By Paul Rincon
Science reporter, BBC News
DNA testing has uncovered British descendents of Native Americans brought to the UK centuries ago as slaves, translators or tribal representatives.
Doreen (left) with daughter Rebecca and granddaughter Anais
Genetic analysis turned up two white British women with a DNA signature characteristic of American Indians.
An Oxford scientist said it was extremely unusual to find these DNA lineages in Britons with no previous knowledge of Native American ancestry.
Indigenous Americans were brought over to the UK as early as the 1500s.
Many were brought over as curiosities; but others travelled here in delegations during the 18th Century to petition the British imperial government over trade or protection from other tribes.
Experts say it is probable that some stayed in Britain and married into local communities.
Doreen Isherwood, 64, from Putney, and Anne Hall, 53, of Huddersfield, only found out about their New World heritage after paying for commercial DNA ancestry tests.
Mrs Isherwood told BBC News: "I was expecting the results to say I belonged to one of the common European tribes, but when I got them back, my first thought was that they were a mistake.
"It rocked me completely. It made think: who am I?"

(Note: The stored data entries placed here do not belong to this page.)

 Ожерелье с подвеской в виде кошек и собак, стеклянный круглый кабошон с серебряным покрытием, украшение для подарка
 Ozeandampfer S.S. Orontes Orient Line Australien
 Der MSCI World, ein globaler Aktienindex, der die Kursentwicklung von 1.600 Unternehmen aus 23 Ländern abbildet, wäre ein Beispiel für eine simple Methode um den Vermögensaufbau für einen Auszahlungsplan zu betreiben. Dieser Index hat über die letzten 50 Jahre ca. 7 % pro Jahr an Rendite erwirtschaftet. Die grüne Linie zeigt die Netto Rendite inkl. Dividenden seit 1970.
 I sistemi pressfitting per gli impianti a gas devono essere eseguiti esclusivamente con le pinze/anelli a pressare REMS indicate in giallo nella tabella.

The chartered physiotherapist studied for a degree at the University of North Carolina, but had no idea she possessed Native American ancestors. She said she came from a long line of Lancashire cotton weavers.

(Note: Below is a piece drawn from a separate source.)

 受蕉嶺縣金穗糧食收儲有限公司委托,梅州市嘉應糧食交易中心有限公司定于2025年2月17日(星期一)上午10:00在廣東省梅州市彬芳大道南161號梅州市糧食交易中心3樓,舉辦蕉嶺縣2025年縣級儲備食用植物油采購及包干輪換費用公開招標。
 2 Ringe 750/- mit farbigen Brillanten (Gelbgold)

Mrs Isherwood added that she was "immensely proud" of her newfound heritage, which has renewed a long-standing interest in Native American culture.
Raleigh brought Indians from the Jamestown area to England
Anne Hall, who works as a private educational tutor, commented: "I was thrilled to bits. It was a very pleasant surprise. To have Native American blood is very exotic."

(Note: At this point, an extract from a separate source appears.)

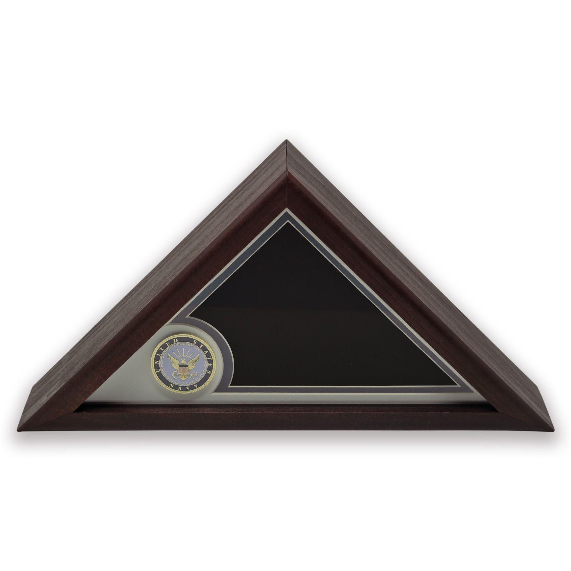 Celebrate the sacrifice and service of our brave American heroes with our US Navy Flag Display Case for 3 x 5 American Flag. Made with pride in Kansas City, Missouri by the largest supplier of flags to the Veterans Administration and agencies of the federal government, this display case is the perfect way to showcase your patriotism and honor the memory of those who have served. Crafted from rich mahogany-colored hardwood and thick glass, this US Flag Display Case is designed to protect and display your 3 x 5 US Flag. The easy open back and solid glass pane make it effortless to insert or remove the flag, while the outside dimensions of 18 wide x 9 high x 3.75 deep provide ample space to display your cherished flag. Some features of this Flag Display Case for 3 x 5 America Flag include: Glass panel: Protects your flag from dust and damage while showcasing. Easy open back: Allows for easy insertion and removal of your flag. Sized for a 3 x 5 US Flag: Perfect for displaying the most common size of American flags. Outside dimensions: 18 wide 9 high x 3.75 deep: Provides ample space to display your flag. Weighs approximately 3 lbs. without a US flag: Lightweight design makes it easy to handle and display. With the option to order an official 100% cotton, embroidered 3 x 5 US flag, this display case can hold even more significance for those honoring loved ones who have served our country. The combination of the official flag and this beautiful display case make it a truly special way to show your support for our veterans and active military. Invest in this US Navy Flag Display Case for 3 x 5 American Flag to proudly display your US flag and honor those who have made the ultimate sacrifice for our country.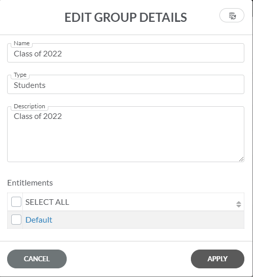 | • | Remove – opção para remover um grupo completo. Esta opção é útil se tiver muitas alterações a realizar no grupo e quiser reimportar os utilizadores corretos. |

She said she now aimed to investigate her family history in an attempt to track down the source of her rare genetic lineage.
Mrs Isherwood says her American antecedent must have arrived in Britain in the 18th or 17th Centuries. She has traced her maternal ancestors back to 1798 and has found no sign of New World progenitors.
The tests taken by both women were based on analysis of DNA inside the "powerhouses" of our cells: the mitochondria.
Mitochondrial DNA (mtDNA) is passed down from mother to daughter more or less unchanged; but changes, or mutations, accumulate in the DNA sequence over successive generations.
Scientists can use these changes to classify mtDNAs into broad types (called haplogroups) which, to some extent, reflect a person's geographical origin.
Pocahontas was the daughter of a Native American chief
Mrs Isherwood and Mrs Hall possessed haplogroups characteristic of the indigenous people of the Americas, which are referred to as A and C.
"It's very unusual. Most of the people we test belong to one of the European maternal clans," said Professor Bryan Sykes, whose company Oxford Ancestors carried out the tests for Doreen and Anne.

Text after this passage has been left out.